De blik voor het weznlijke

Beste vrienden,

Het moet in mijn jeugdjaren toch wel erg in de mode zijn geweest. In elk geval herinner ik me nog zeer goed aan mijn crèmekleurige winterjas uit kameelhaar.  Hoe oud was ik toen? Vijf, misschien ten hoogste zes jaar? De foto’s van toen zijn al lang verbleekt, en toch krijg ik nog altijd dat beeld voor ogen wanneer ik het evangelie van vandaag hoor. Wanneer er daar verteld wordt dat Johannes een kameelharen mantel droeg, dan denk ik onwillekeurig aan mijn kameelharen mantel van toen. Dat is natuurlijk totale onzin. De kleding van Johannes de Doper heeft uiteraard niets te maken met die kameelharen winterjas uit mijn jeugd.

Maar wat kan ik eraan doen? Er zijn van die beelden die zo diep in uzelf gebakken zijn, dat ze altijd weer in u opkomen. Beelden zijn veel machtiger dan wat ook. Jullie zullen dat ook wel kennen. Wanneer we bepaalde verhalen horen, of wanneer er over bepaalde personen verteld wordt, dan komen er bij ons altijd weer dezelfde beelden naar boven.
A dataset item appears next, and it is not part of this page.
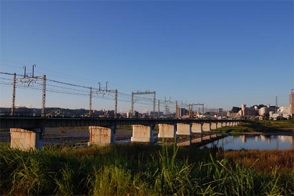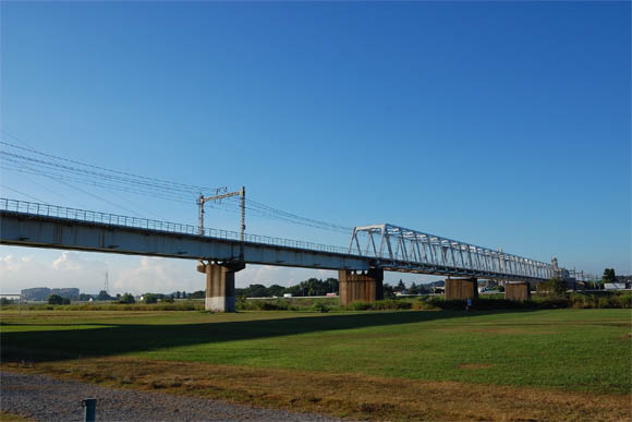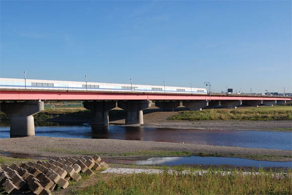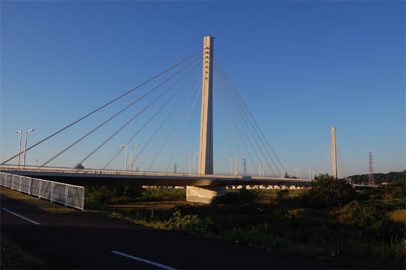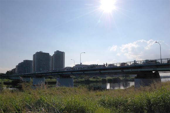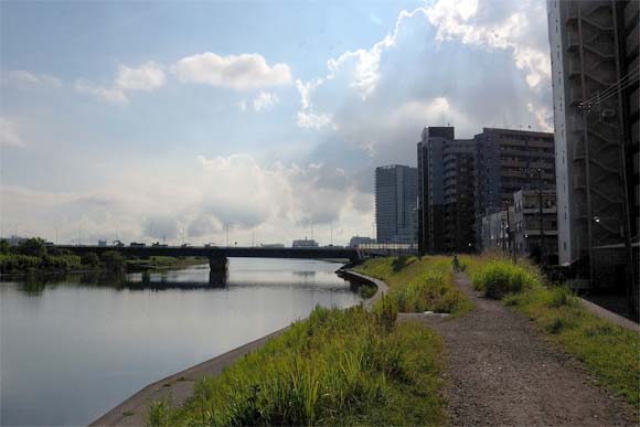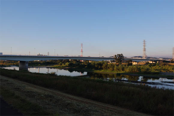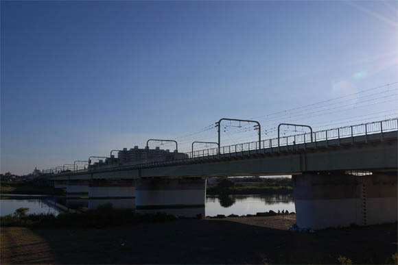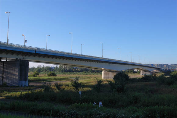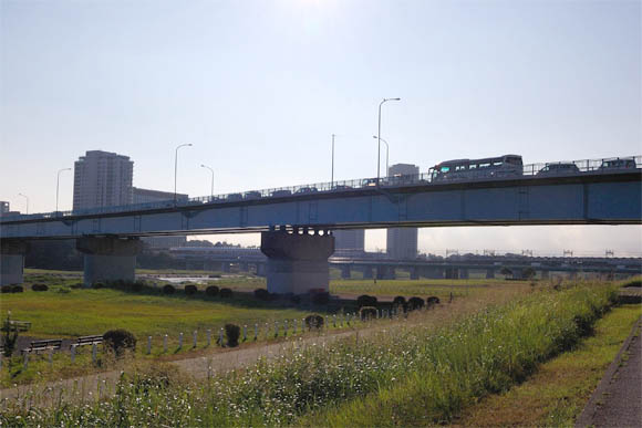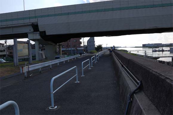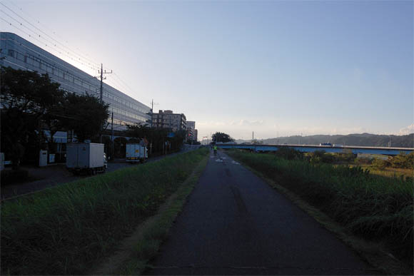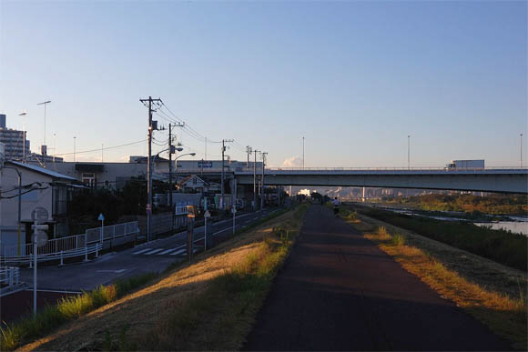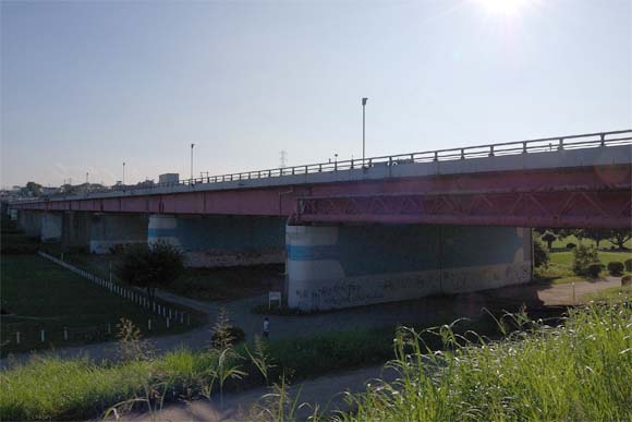 土手のロード自体は狭いが人も少ないし走るのは苦ではない。しかし川の方を見ると、左側のがうらやましく見えた。朝は左側が建物の日陰モードになる場所が多いので涼しそうだからである。時間は6時半過ぎ、太陽は既に元気いっぱいである。そして東名の下をくぐった(後ろ向き撮影)。

Wanneer er over de figuur van Johannes De Doper wordt verteld moet ik bijvoorbeeld altijd aan de Johannes op het altaar van Isenheim in de Elzas denken – één van de mooiste afbeeldingen van Johannes überhaupt. Hij staat daar afgebeeld, gekleed in zijn kameelharen mantel en met een opengeslagen Bijbelboek in zijn linkerhand; met zijn rechterhand wijst hij naar de gekruisigde Christus. Anderen denken misschien aan de Johannes uit de verfilming van het evangelie door de onlangs in juni overleden Franco Zeffirelli, een film die bij velen de gebeurtenissen van toen in hun geheugen heeft geplaatst.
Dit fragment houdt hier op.